The Devil has an inverted pentagram on his
forehead, a symbol of distorted and ill-based mental faculties. In its natural
orientation pentagram symbolizes a man, but this one symbolizes falsehood and
delusion. He sits upon a half-cube, symbolizing an imperfect understanding of
the physical world, which is represented by a cube. Two persons beneath him are
personifications of the self-conscious and the subconscious mind, their horns and hoofs indicate that delusion bestializes
and devolute human consciousness. They are bonded to the cube but as it was said
before, that is another delusion, they are content with their bondage, not
knowing what they could become if they set themselves free. Another inversion of
natural order of things is visible in the manner The Devil is holding the torch. If
you are pointing fire down you will get burned sooner or later. The Devil's
breasts allude on its androgynous nature. The Devil is related both through his
sum of the digits and his iconography to the The Lovers (number 6).
Both cards speak to our drives, the drives that take us out of the Garden of
Eden. The
central character in each card is winged, each one lives in the archetypal ether,
each one is
crowned; the angel in The Lovers with fire, The Devil with a pentagram and ram’s horns.
In both cards are a naked man and a naked woman. But in The
Lovers, there is still some sense of newness, wholesomeness, and hope; in The
Devil they are chained by the neck and partially transformed into creatures of
the underworld; transformed by their taste of the darkness, by the fruit of the
underworld.
The design is an accommodation, mean or harmony, between several motives mentioned in the first part. The Horned Goat of Mendes, with wings like those of a bat, is standing on an altar. At the pit of the stomach there is the sign of Mercury. The right hand is upraised and extended, being the reverse of that benediction which is given by the Hierophant in the fifth card. In the left hand there is a great flaming torch, inverted towards the earth. A reversed pentagram is on the forehead. There is a ring in front of the altar, from which two chains are carried to the necks of two figures, male and female. These are analogous with those of the fifth card, as if Adam and Eve after the Fall. Hereof is the chain and fatality of the material life.

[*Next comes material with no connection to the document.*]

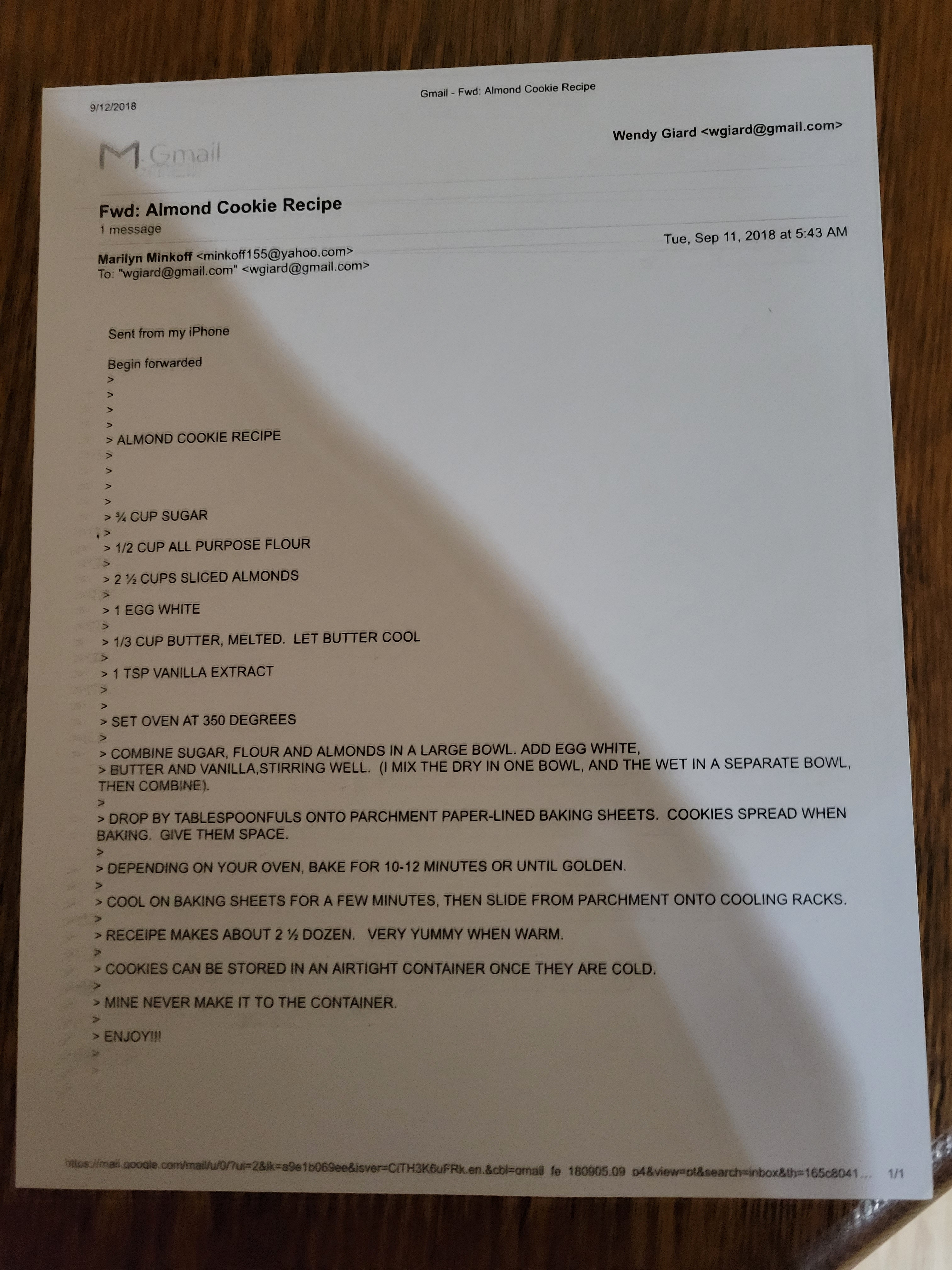 Almond Cookies (Wendy Giard):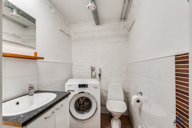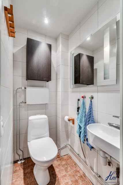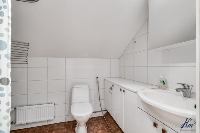 - Wc:t kaikissa kerroksissa. Keskikerroksessa erillinen wc: Wc-istuin, bidee-suihku, pesuallas, peili. Alakerrassa erillinen wc: Wc-istuin, bidee-suihku, pesuallas, allaskaappi, peili, pesukoneliitäntä.

The figures are tailed, to signify the animal nature, but there is human intelligence in the faces, and he who is exalted above them is not to be their master for ever. Even now, he is also a bondsman, sustained by the evil that is in him and blind to the liberty of service. With more than his usual derision for the arts which he pretended to respect and interpret as a master therein, Éliphas Lévi affirms that the Baphometic figure is occult science and magic. Another commentator says that in the Divine world it signifies predestination, but there is no correspondence in that world with the things which below are of the brute. What it does signify is the Dweller on the Threshold without the Mystical Garden when those are driven forth therefrom who have eaten the forbidden fruit.